Pui-Wing Tam – That is the message from fund managers as they survey the prospects of the Indonesian market in 1997. While Hong Kong proved to be the most popular regional investment destination at the start of this year, more fund managers are now gaining confidence in Indonesia and are putting the country on their buy lists.
"Foreign funds have been getting back their weightings in Indonesia again," says Barbara Shaw, a fund manager at National Mutual Funds Management (Asia) Ltd. and manager of the National Mutual Indonesian Fund. "Since not much has happened in politics in the last quarter, the market is coming up again."
Indonesia performed strongly in the first five months of 1996, but then political worries began hurting share prices. The June ouster of pro-democracy leader Megawati Sukarnoputri as head of a political party, plus two July events – President Suharto's trip to Germany for a medical checkup and riots rooted in anger over Ms. Megawati's removal – prompted many investors to leave the market. Those who stayed were rewarded by a fourth-quarter rally, which lifted the Jakarta composite index 24% for the year. The index closed Wednesday at record high of 686.11, up 5.23 points.
May Elections
Political jitters are likely to reappear later this year, warn many fund managers, especially after the first quarter. Parliamentary elections, in which Ms. Megawati has been barred from any role, are scheduled for May. The campaign will cause some jitters, as will continued uncertainty about who will succeed 75-year-old President Suharto. His current five-year term ends in March 1998 and, if health permits, he is widely expected to seek a seventh term.
But should these political fears turn fund managers away from Indonesia? Mac Overton, a fund manager at Mbf Unit Trust Managers Ltd. and manager of the MBf Indonesian Growth Fund, argues that the political risks are already priced into the market. "You should buy into Indonesia now," he says.
The market is currently underpinned by a solid fundamental economic picture.

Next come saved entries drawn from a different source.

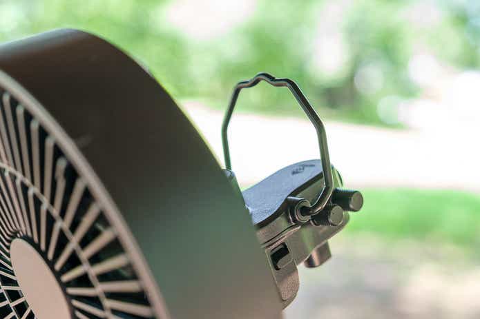 本体のメカ部分にある取っ手も、サイト内での設置に役立つでしょう。ランタンハンガーにそのまま、あるいはカラビナでガイロープの途中に吊り下げることができそうですね。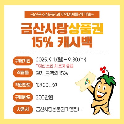 충남 금산군이 금산사랑상품권 9월 캐시백 적립률을 기존 10%에서 15%로 확대 적용하고 있다고 밝혔다.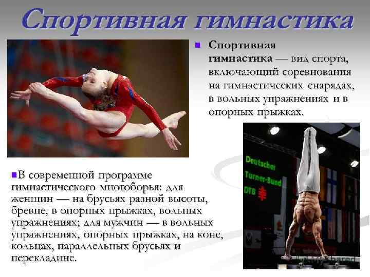 Гимнастические упражнения входили в систему физического воспитания ещё в Древней Греции, служили средством подготовки юношей к участию в Олимпийских играх. С конца XVIII — начала XIX века в западноевропейских и русской системах физического воспитания использовались упражнения на гимнастических снарядах, опорные прыжки. Во 2 -й половине XIX века в ряде стран Западной Европы стали проводиться соревнования по некоторым видам гимнастических упражнений. Первые состязания в России состоялись в 1885 году в Москве. В 1881 году создана Международная федерация гимнастики. С 1896 года спортивная гимнастика включена в программу Олимпийских игр, с 1928 года в Олимпийских играх участвуют женщины. С 1903 года проводятся чемпионаты мира (до 1913 — раз в 2 года, с 1922 — раз в 4 года), с 1934 в чемпионатах участвуют женщины.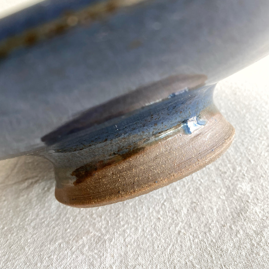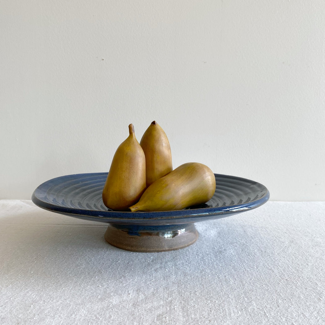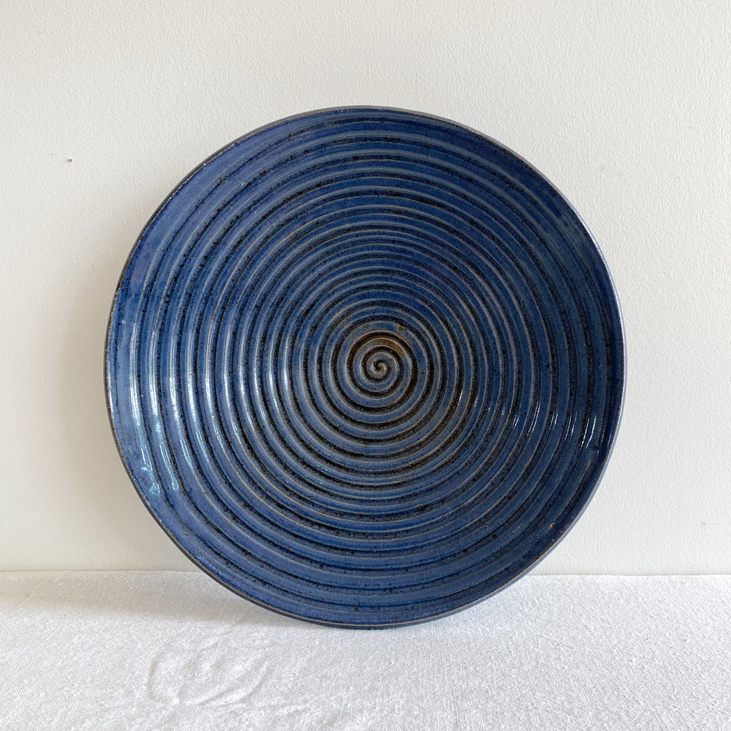 Beautifully handcrafted stoneware platter featuring a spiral design and blue glazing. It's a lovely way to serve your freshly baked goods or favorite fruits at your next gathering!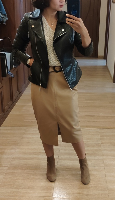 Мне только косуха понравилась 👍 Первый джемпер слишком сопливый, второй слишком вязаный, юбка большая, а обувь только под миди юбку или брюки укороченые или кюлоты. А так режут ногу.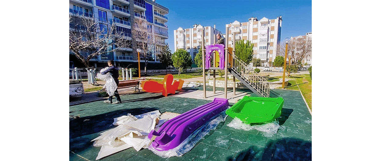 Bu kapsamda görev alan Efeler Belediyesi Park ve Bahçeler Müdürlüğü ekipleri, Adnan Menderes Mahallesi Adnan Saygun Parkı ile Mimar Sinan Mahallesi Prof. Dr. Mehmet Fuat Turgut Parkı’nı yeniledi. Söz konusu parklarda yeni oyun gruplarının montajı yapılırken, çocukların güvenliği için zeminlere yeni kauçuk döşeme uygulaması da gerçekleştirildi.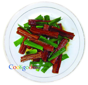 3、另起锅加入猪油烧至七成热,放入藕条,大火煸炒2.5分钟,放入青蒜段继续煸炒0.5分钟,淋入香油、葱油即可出锅装盘。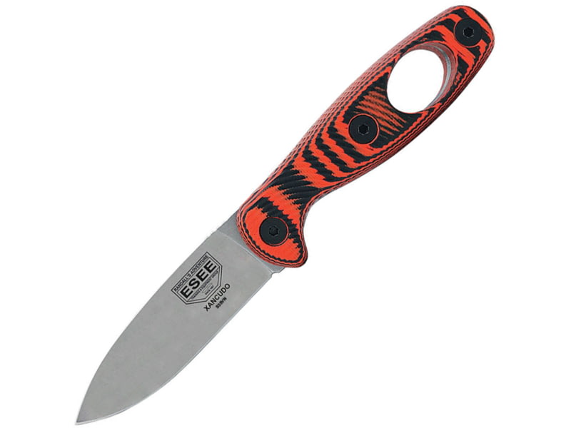 Esee Xancudo Fixed Blade S35V Org Knife Carabiner hole in handle 3" stonewash finish S35VN stainless blade Black and orange 3D machined G10 handle. Developed using some incredibly formidable resources these Fixed Blade Knives from Esee will keep a...  Read more
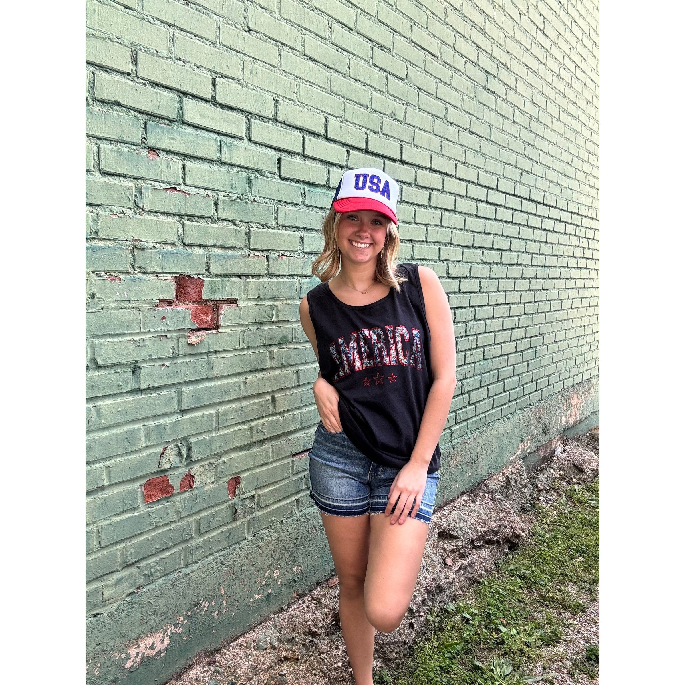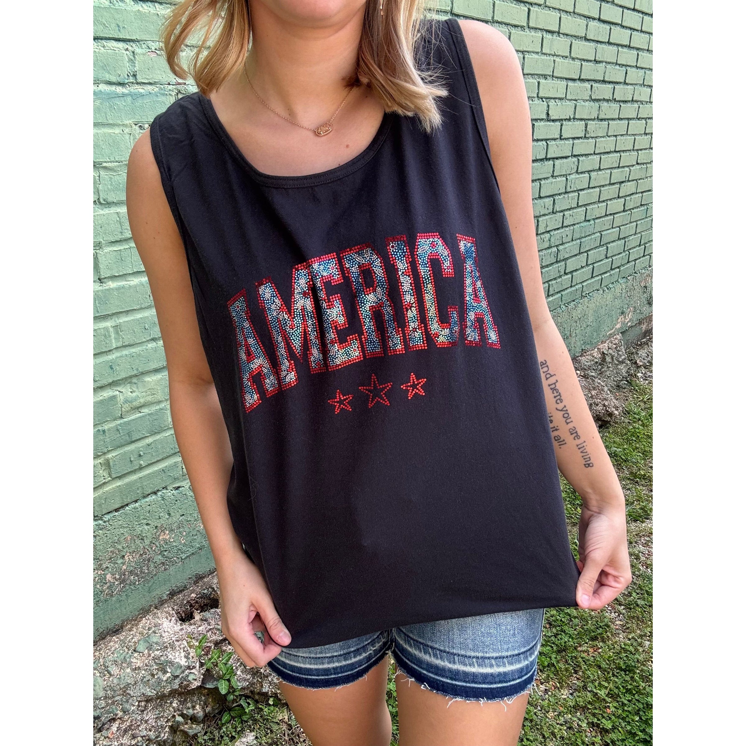 Show your patriotic spirit in this Black Comfort Color Tank featuring a dazzling Spangle Red, White, and Blue America Design. The perfect blend of style and comfort, this true-to-size tank lets you celebrate your love for the USA with a playful pop of color. Ideal for summer barbecues, fireworks nights, or just adding some star-spangled fun to your everyday wardrobe!

Kitty Hon, an analyst at ImPac Asset Management (HK) Ltd., forecasts Indonesia's economic growth will hit 8.1% this year, up from the projected 7.5% in 1996. And export growth is likely to reach 14.4% this year, up from an estimated 9.7% last year, she says.
Meanwhile, inflation should slow to 7.3%, from 9.4% in 1995, creating a positive environment for lower interest rates, the managers contend. Currently, Indonesia's prime interest rate is 18%.
The positive environment is also expected to fuel corporate earnings growth this year. Ms. Hon predicts average earnings growth will be 20% this year, and 17% in 1998, compared with about 14% in 1996.
'My Favorite Market'
In addition, the Indonesian market is trading at a relatively low price/earnings ratio. "Indonesia is my favorite market in Asia because it's one of the few markets where the price/earnings ratio is lower than the projected earnings growth rate," says MBf's Mr. Overton, who calculates the market is currently at 14.2 times projected 1997 earnings.
Even the perennial problem that many fund managers complain about in Indonesia – limited liquidity – is being alleviated, they say. Simon Chan, manager of the Barclays Indonesia Fund and a fund manager at Barclays Global Investors Hong Kong Ltd., says that the participation of local investors in the market has increased over the past year. Brokerage firms such as PT Lippo Securities, for instance, are offering brokers commissions to develop their retail business.
"We see the market is now not only focused on the blue-chips," says Mr. Chan. "The mix and liquidity in the market has improved."
Fund managers with dedicated Indonesian equity funds are most heavily allocated in the banking and finance sector. MBf's Mr. Overton says the banks are trading at a cheap price/earnings ratio of 12.9 times projected 1997 earnings. Banks' average earnings growth is expected be around 19% this year. While the bigger banks are generally favored, some midsized ones also are displaying impressive growth, say fund managers. Among the top choices are Bank Internasional Indonesia, which Mr. Overton predicts will produce 23% earnings growth this year, while trading at just 13 times projected 1997 earnings; and Bank Tiara, which is forecast to achieve 23% earnings growth. Its share are currently trading at 8.9 times projected 1997 earnings. In trading Wednesday on the Jakarta Stock Exchange, Bank Internasional closed at 1,800 rupiah (76 U.S. cents), down 25 rupiah, while Bank Tiara settled at 3,000 rupiah, up 50 rupiah.